Corinna und Alex getroffen.


Alex hatte mich vor genau einem Jahr in Bad Salzuflen auf der FMB besucht. Vielleicht klappt es dieses Jahr auch wieder?!

Mit Michael und Andreas schon vor langer Zeit, als Ultra-Novizen so zu sagen, durch den Kellerwald gerannt.
Beim Brocken-Marathon vor 14 Tagen schon getroffen. In Remscheid dann mit Bild 😆


Vergeblich nach Andreas und Gerd Ausschau gehalten 😢

Pünktlich 8:30 fiel der Startschuss. Andreas und ich blieben zusammen. In 4 Wochen haben wir bereits ein gemeinsames Date in Bonn 😲 und konnten ein paar Dinge bequasseln.

In gemütlichen 5:50/km höppelten wir durch Lennep, um nach ca. 5 km Fahrt aufzunehmen. War mir doch etwas zu langsam.

Die folgenden Bergauf- und Bergabpassagen liefen richtig gut.
Letztens meinte mein Kollege beim gemeinsamen Lauf in Amberg: der läuft wie´n Flummi die Berge runter.
Ja. Das Fetzt. Macht Spaß. 
Auch bergauf kann ich konstant bleiben und konnte einige Schnaufende einsammeln.

Bis km 21, dem ersten Ziel beim Röntgen-Lauf, lief es einfach nur perfekt.

Die Strecke ist gut besucht und nicht so laut, wie man das von Stadtmarathons kennt.
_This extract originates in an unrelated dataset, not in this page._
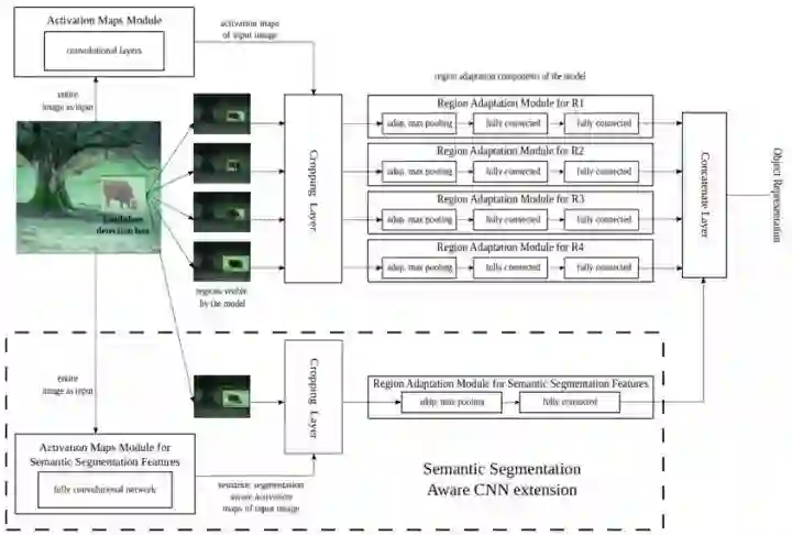 分类问题由 Multi-Region CNN Model 和 Semantic Segmentation-Aware CNN Model 组成。前者的候选框由 Selective Search 得到,对于每一个样本区域,取 10 个区域分别提取特征后拼接,这样可以强制网络捕捉物体的不同方面,同时可以增强网络对于定位不准确的敏感性,其中 adaptive max pooling 即 ROI max pooling;后者使用 FCN 进行目标分割,将最后一层的 feature map 和前者产生的 feature map 拼接,作为最后的 feature map。

Fetzig. Leute nett. Alle gut drauf. Und das an einem Sonntagmorgen 😃

Die Zielgasse den Halbmarathonies überlassen und rechts gehalten. Der Sprechen nennt deinen Name, deinen Wohnort, die Zuschauer applaudieren. Du läufst weiter.

Das 2. Drittel unter die Füße nehmend. Stürmisch war es nur außerhalb des Waldes. Im Wald ist´s angenehm. Nur kalt, manchmal sehr kalt. Ich bin ein Weichei ...

Und Gedanken kommen auf.
Kalte Fingerspitzen. Durchblutungsstörungen. Griff zur Nase. Nein. Kein Bluten. Keine geschwollenen Hände. Wasserlassen klappt auch ...

Und doch ist bei km 30 der Stecker wie gezogen ...
Verpflegungsstand bei km 33.
Noch 30 km bis zum Ziel ...

Bis Kilometer 35 noch ok. Dann platzt die Bombe.
Ich kann an nichts anderes denken. Der Kopf macht zu.
Kein Horrorszenario. Und doch zu.
Ich gehe, versuche runter zu kommen. Laufe wieder an. Beobachte einen Habicht, der über uns kreist und seinen markanten Ruf ins bergische Land stößt. Denke an meinen Habichtswald zu Hause.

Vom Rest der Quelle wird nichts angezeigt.